While you copy the lines below, skip the pictures and keep the rest exact.

Information provided »

┌──

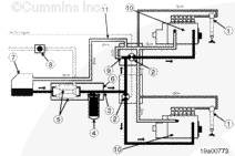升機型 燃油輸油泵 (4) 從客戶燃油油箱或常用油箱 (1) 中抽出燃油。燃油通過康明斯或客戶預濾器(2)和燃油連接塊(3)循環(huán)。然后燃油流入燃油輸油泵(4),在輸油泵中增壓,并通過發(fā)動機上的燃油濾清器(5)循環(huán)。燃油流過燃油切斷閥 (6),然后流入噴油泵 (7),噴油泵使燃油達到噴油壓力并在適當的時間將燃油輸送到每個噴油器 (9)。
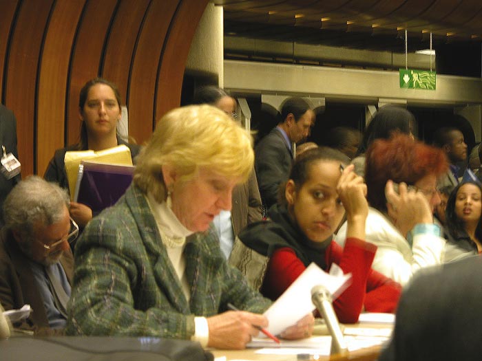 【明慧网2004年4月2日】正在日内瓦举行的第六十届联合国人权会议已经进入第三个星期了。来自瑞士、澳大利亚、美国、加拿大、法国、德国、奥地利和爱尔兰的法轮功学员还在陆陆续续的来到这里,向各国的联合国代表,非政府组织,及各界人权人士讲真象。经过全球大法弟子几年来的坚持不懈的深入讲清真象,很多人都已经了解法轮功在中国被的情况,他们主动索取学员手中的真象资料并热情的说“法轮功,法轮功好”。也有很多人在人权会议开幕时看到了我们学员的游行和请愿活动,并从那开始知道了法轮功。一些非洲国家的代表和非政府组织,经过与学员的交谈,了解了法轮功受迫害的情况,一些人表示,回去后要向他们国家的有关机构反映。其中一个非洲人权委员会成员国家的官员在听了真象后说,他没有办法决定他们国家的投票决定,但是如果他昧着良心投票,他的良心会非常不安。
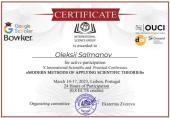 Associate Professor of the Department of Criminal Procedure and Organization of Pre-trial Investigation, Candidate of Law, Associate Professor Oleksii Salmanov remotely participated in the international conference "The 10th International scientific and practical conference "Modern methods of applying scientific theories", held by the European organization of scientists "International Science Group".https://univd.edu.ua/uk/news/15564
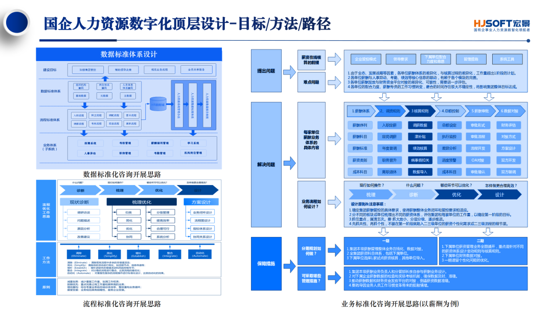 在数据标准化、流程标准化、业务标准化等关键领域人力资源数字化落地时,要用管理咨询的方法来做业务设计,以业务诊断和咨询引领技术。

└──

Reply »
升機型 燃油輸油泵 (4) 從客戶燃油油箱或常用油箱 (1) 中抽出燃油。燃油通過康明斯或客戶預濾器(2)和燃油連接塊(3)循環(huán)。然后燃油流入燃油輸油泵(4),在輸油泵中增壓,并通過發(fā)動機上的燃油濾清器(5)循環(huán)。燃油流過燃油切斷閥 (6),然后流入噴油泵 (7),噴油泵使燃油達到噴油壓力并在適當的時間將燃油輸送到每個噴油器 (9)。
 【明慧网2004年4月2日】正在日内瓦举行的第六十届联合国人权会议已经进入第三个星期了。来自瑞士、澳大利亚、美国、加拿大、法国、德国、奥地利和爱尔兰的法轮功学员还在陆陆续续的来到这里,向各国的联合国代表,非政府组织,及各界人权人士讲真象。经过全球大法弟子几年来的坚持不懈的深入讲清真象,很多人都已经了解法轮功在中国被的情况,他们主动索取学员手中的真象资料并热情的说“法轮功,法轮功好”。也有很多人在人权会议开幕时看到了我们学员的游行和请愿活动,并从那开始知道了法轮功。一些非洲国家的代表和非政府组织,经过与学员的交谈,了解了法轮功受迫害的情况,一些人表示,回去后要向他们国家的有关机构反映。其中一个非洲人权委员会成员国家的官员在听了真象后说,他没有办法决定他们国家的投票决定,但是如果他昧着良心投票,他的良心会非常不安。
 Associate Professor of the Department of Criminal Procedure and Organization of Pre-trial Investigation, Candidate of Law, Associate Professor Oleksii Salmanov remotely participated in the international conference "The 10th International scientific and practical conference "Modern methods of applying scientific theories", held by the European organization of scientists "International Science Group".https://univd.edu.ua/uk/news/15564
 在数据标准化、流程标准化、业务标准化等关键领域人力资源数字化落地时,要用管理咨询的方法来做业务设计,以业务诊断和咨询引领技术。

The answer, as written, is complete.